TASK GOAL: Give the data again exactly as written, skipping any pictures.

DATA SEGMENT:

== Segment start ==

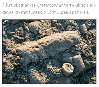 Eesti kivisterikkus Eesti settekivimid on maailmas haruldased ja neis leiduvad kivistised hästi säilinud, kuna nad on püsinud sadu miljoneid aastaid peaaegu muutumatuna, jäädes puutumata kurrutusest ja sügavale mattumisest. Eesti Kambriumi ladestu alumise osa savides ja liivakivides leidub haruldasi kivistisi: mikroskoopiline tigu Aldanella ja Platysolenites, trilobiit Schmidtiellus ning kummaline käsijalgne Mickwitzia. Samuti leidub seal arvukalt mereloomade roomamisjälgi ehk ihnofossiile. Kambriumi lademe ülemises osas esineb arvukalt fosfaatse kojaga käsijalgseid Ungula ja Schmidtites, kelle kuhjetest on moodustunud oobolusfosforiit.
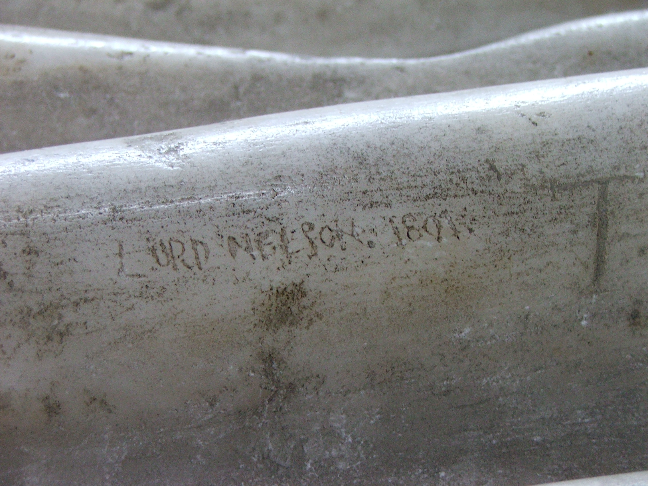 Now you may be able to spot the Norman window second from the right ground floor. Outwardly this is the only part of the 12th Century castle left in the main residential part. There is more inside but it has been incorporated into the Victorian sterility that pervades inside. Magnificent though it is somehow you never feel at home here. Other parts of the castle are original, mind you, including the shell keep overlooking both baileys. Yes it has two following the lines of Windsor. Anyhow the various bits open a different times so first stop was the Fitzalan Chapel. The first Earls of Norfolk were Fitzalans and rebuilt the parish church and made the east end their own chapel. It is still catholic and believed to be the only case of its kind in England. It is only accessible from the castle grounds and this has got to be seen to be believed. A mediaeval masterpiece in sculpture containing the owners and their wives in magnificent tombs. That of the 5th Earl and his wife (the daughter of the king of Portugal) caught our eye. He died of dysentery at the siege of Harfleur in 1415 fighting alongside Henry V. Like many old tombs through the ages they suffered from a bit of vandalism and graffiti. Would a national hero desecrate a tomb 4 years before his own glorious death? See the picture below and make you own mind up as we await a response from the castle on the legitimacy of Horatio's spot of criminal damage!
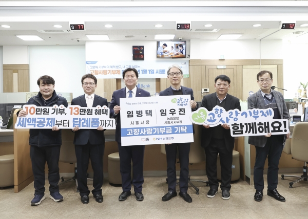 임 시장은 이날 고향사랑기부제의 성공적인 안착을 위해 농협과 업무 협력을 약속하고 농협 시흥시청출장소를 방문해 고향사랑기부제 전담 창구를 통해 기부금을 기탁했다.

== Segment end ==

EXERCISE RESPONSE:
 Eesti kivisterikkus Eesti settekivimid on maailmas haruldased ja neis leiduvad kivistised hästi säilinud, kuna nad on püsinud sadu miljoneid aastaid peaaegu muutumatuna, jäädes puutumata kurrutusest ja sügavale mattumisest. Eesti Kambriumi ladestu alumise osa savides ja liivakivides leidub haruldasi kivistisi: mikroskoopiline tigu Aldanella ja Platysolenites, trilobiit Schmidtiellus ning kummaline käsijalgne Mickwitzia. Samuti leidub seal arvukalt mereloomade roomamisjälgi ehk ihnofossiile. Kambriumi lademe ülemises osas esineb arvukalt fosfaatse kojaga käsijalgseid Ungula ja Schmidtites, kelle kuhjetest on moodustunud oobolusfosforiit.
 Now you may be able to spot the Norman window second from the right ground floor. Outwardly this is the only part of the 12th Century castle left in the main residential part. There is more inside but it has been incorporated into the Victorian sterility that pervades inside. Magnificent though it is somehow you never feel at home here. Other parts of the castle are original, mind you, including the shell keep overlooking both baileys. Yes it has two following the lines of Windsor. Anyhow the various bits open a different times so first stop was the Fitzalan Chapel. The first Earls of Norfolk were Fitzalans and rebuilt the parish church and made the east end their own chapel. It is still catholic and believed to be the only case of its kind in England. It is only accessible from the castle grounds and this has got to be seen to be believed. A mediaeval masterpiece in sculpture containing the owners and their wives in magnificent tombs. That of the 5th Earl and his wife (the daughter of the king of Portugal) caught our eye. He died of dysentery at the siege of Harfleur in 1415 fighting alongside Henry V. Like many old tombs through the ages they suffered from a bit of vandalism and graffiti. Would a national hero desecrate a tomb 4 years before his own glorious death? See the picture below and make you own mind up as we await a response from the castle on the legitimacy of Horatio's spot of criminal damage!
 임 시장은 이날 고향사랑기부제의 성공적인 안착을 위해 농협과 업무 협력을 약속하고 농협 시흥시청출장소를 방문해 고향사랑기부제 전담 창구를 통해 기부금을 기탁했다.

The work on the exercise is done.